Evolution of web server architecture
In the beginning we had multi process architecture. Every request was processed by a different process. The processes could be long-lived (pooled) and reused across multiple requests. However at any given point of time one request would map to a single process. The idea was simple and enabled multiple cores to be utilized on a single machine without changing the code much. The benefits were requests were isolated so that if processing a single request caused a crash it did not affect the entire server. Each process had its own memory and if you needed to share then one could use shared memory but it had to be explicit.

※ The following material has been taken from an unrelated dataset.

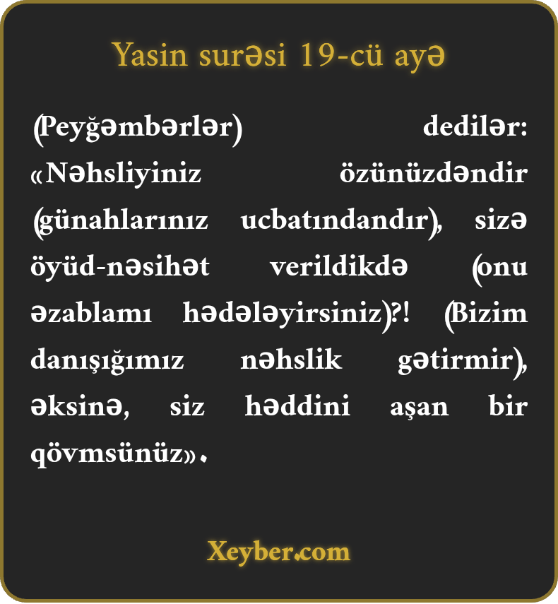 (Peyğəmbərlər) dedilər: «Nəhsliyiniz özünüzdəndir (günahlarınız ucbatındandır), sizə öyüd-nəsihət verildikdə (onu əzablamı hədələyirsiniz)?! (Bizim danışığımız nəhslik gətirmir), əksinə, siz həddini aşan bir qövmsünüz».

Then came the multithreaded version of the web server. Instead of each request mapping to a process with its own memory space it would be mapped to a single thread and all the threads would share the memory space by default. If access needed to be restricted than it would require the method or function which would be accessed by multiple threads to setup monitors to avoid race conditions if need be. If you wanted data which was local to the thread you used stack and/or thread-local data explicitly to avoid sharing. Since we no longer had isolation and the processing of a single request could lead to shutting down the web server we needed multiple instances of the web server to ensure availability remained high. An orthogonal direction to manage sharing of data was using actors which was essentially a run-time for every object instance which would look at a queue of incoming requests and process them as opposed to using a function call to invoke object instance methods directly which could cause race conditions to appear on the caller of the object method. Maybe at some level this can be considered true multi-threaded encapsulation. Debugging issues in this model is made more complex by the high degree of sharing.

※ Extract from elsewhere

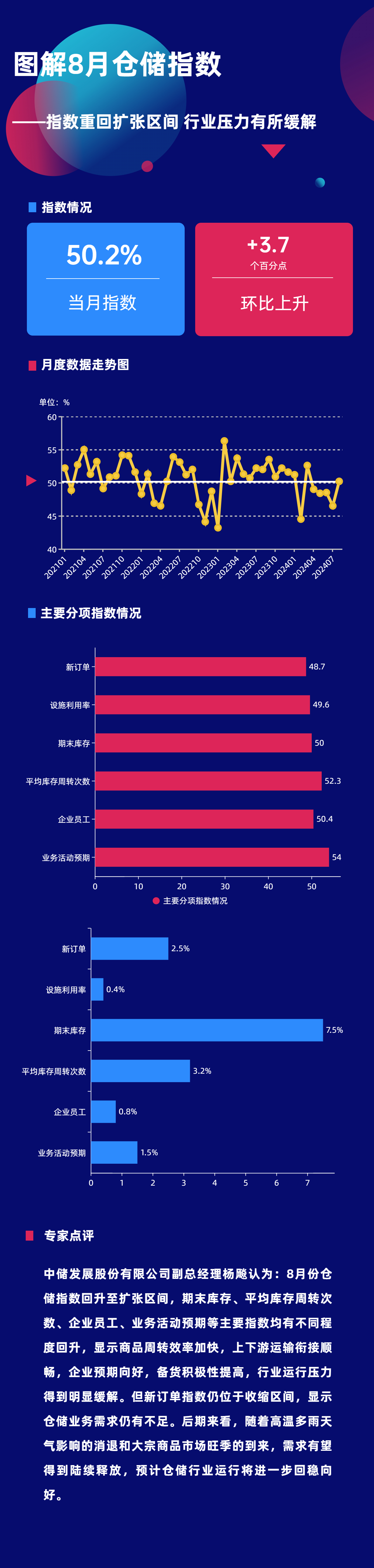 圖解8月份倉儲指數——指數重回擴張區間 行業壓力有所緩解

The next phase is the rise of the event-driven reactive servers like netty, node.js, nginx. Each thread runs a full web-server inside of it (listening on sockets, running business logic) and essentially fully taking up a core on the machine. In this model everything is shared including the thread. Each thread does not process an entire request from beginning to end but works on those parts of the request processing which consume CPU and keeps switching between different requests to ensure core is kept busy even though requests might need to make blocking calls to downstream services. The state machine regarding what needs to be done with each request needs to be kept in memory for each request since the call stack can't be used for this. We have even less isolation in this model and debugging gets progressively harder.
Similar thing is playing out in the cloud architecture. We started with virtual machines which were thought to be too heavyweight what with their own dedicated OSes and very high isolation and security. Since this was too heavyweight for a lot of use cases we moved to containers where only the user side of the kernel is running in an isolated manner in the container everything else is shared. Now code/processes owned by different entities could be running on the same operating system (shared socket buffers, disk buffers etc..) as one another for lesser isolation but more efficient use of resources. However, in this architecture as well containers could be sitting idle without any requests to process so we moved to lambda architecture where the container is spawned only when there is a request associated with it (event-driven model).

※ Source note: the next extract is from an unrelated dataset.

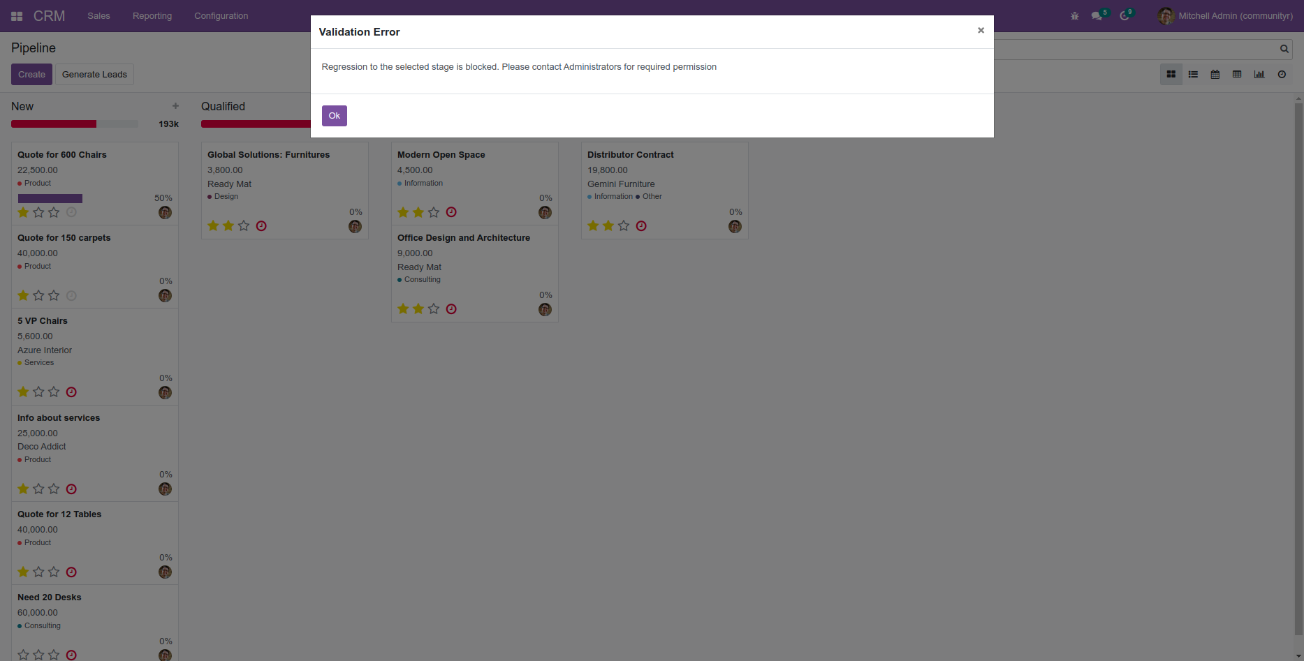 If the user tries to regress the opportunity to the specified stage, warning will be displayed

If we consider that increased sharing as a way to achieve higher efficiencies and reduce costs (at the expense of increased complexity and developer overhead) is a long-term trend then it would follow that the next architecture would allow for sharing of containers/processing logic (build out services where requests from multiple different entities (users or companies as the case maybe) share the same container instance at the same time). This would mean that instead of users/companies sharing static read-only container images which is deployed separately by each of them each container would expose a service by default which could be invoked by anyone safely leading to fewer wasted resources. Scaling and isolation of the storage attached to the consumer will need to be tackled by a robust framework similar to container technology.
Curious to see what the next computing model would look like which could improve efficiency and achieve more with lesser amount of resources.